Les prix des trésors atteignent ainsi des sommets. Sotheby’s et Christie’s ont vendu sans le savoir des oeuvres d’art volées en Afghanistan. Maintes statues de l’époque du Gandhara ont trouvé preneurs pour plusieurs centaines de milliers de dollars auprès de collectionneurs américains ou japonais, et l’une d’elles a même été estimée à 50 millions de francs.

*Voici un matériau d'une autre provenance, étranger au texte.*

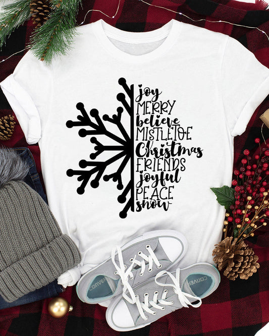 Lässiges T-Shirt mit Schneeflocken-Print und Schriftzug „Frohe Weihnachten“

Un trafic aux profits faramineux, que confirme un fonctionnaire pakistanais d’Islamabad régulièrement contacté par les trafiquants pour authentifier les pièces : « Ils sont puissants, ils ont de l’argent et ils n’hésitent pas à descendre ceux qui les gênent… » Même si le directeur des douanes de l’aéroport de Peshawar a été arrêté après que des conteneurs emplis de 20 000 statues et bijoux eurent été saisis, le négoce occulte des inestimables oeuvres d’art afghanes a encore de beaux jours devant lui. « Si le monde continue de fermer les yeux, avertit Nancy Dupree, spécialiste américaine de la civilisation afghane, c’est toute une partie du patrimoine de l’humanité qui est appelée à disparaître, et d’abord les racines de la civilisation indo-européenne. »

Le patrimoine afghan

Pour endiguer ce flot, des experts occidentaux se sont réunis en conclave et ont fondé une association, la Société pour la préservation de l’héritage culturel d’Afghanistan (SPACH). Son représentant à Kaboul, qui vient de s’installer dans un appartement au confort spartiate au-dessus de la rue des Poulets, est un jeune Néerlandais à peine diplômé, Robert Kluyver, un Lawrence d’Arabie de la reconquête archéologique passé maître dans l’art de la palabre et qui aurait ainsi échoué au pays des écumeurs de trésors archéologiques. Rencontré au sommet d’un site antique gardé par un taliban éclopé, sur une colline de Ghazni, la ville qui, en l’an 1000, rivalisait avec Bagdad, l’émissaire de la SPACH tente de négocier pied à pied avec les taliban, les prévient du désastre pour leur histoire et colmate les brèches : un inventaire par-ci, une réparation par-là. La tâche est titanesque. « C’est une goutte d’eau dans l’océan. Regardez, dit-il dans le vent des hauts plateaux en désignant un bouddha couché, à la tête fracassée. L’iconoclasme des taliban a encore frappé… »

Un expert de l’Unesco qui a pu rendre visite aux maîtres de Kaboul, l’Italien Andrea Bruno, estime cependant que les taliban sont de plus en plus sensibilisés à la conservation du patrimoine, afin de préserver leur histoire, mais aussi pour éviter l’ostracisme international. Les trafiquants, eux, se frottent les mains : un manuscrit de l’époque des Timurides (XVe et XVIe siècles après J.-C.) a trouvé preneur à Londres pour 1 million de dollars, soit 7 millions de francs. Mémoire des racines indo-européennes, le patrimoine afghan ressemble étrangement aux fresques de Bamiyan l’endeuillée : il subit l’outrage du temps et la cupidité des hommes.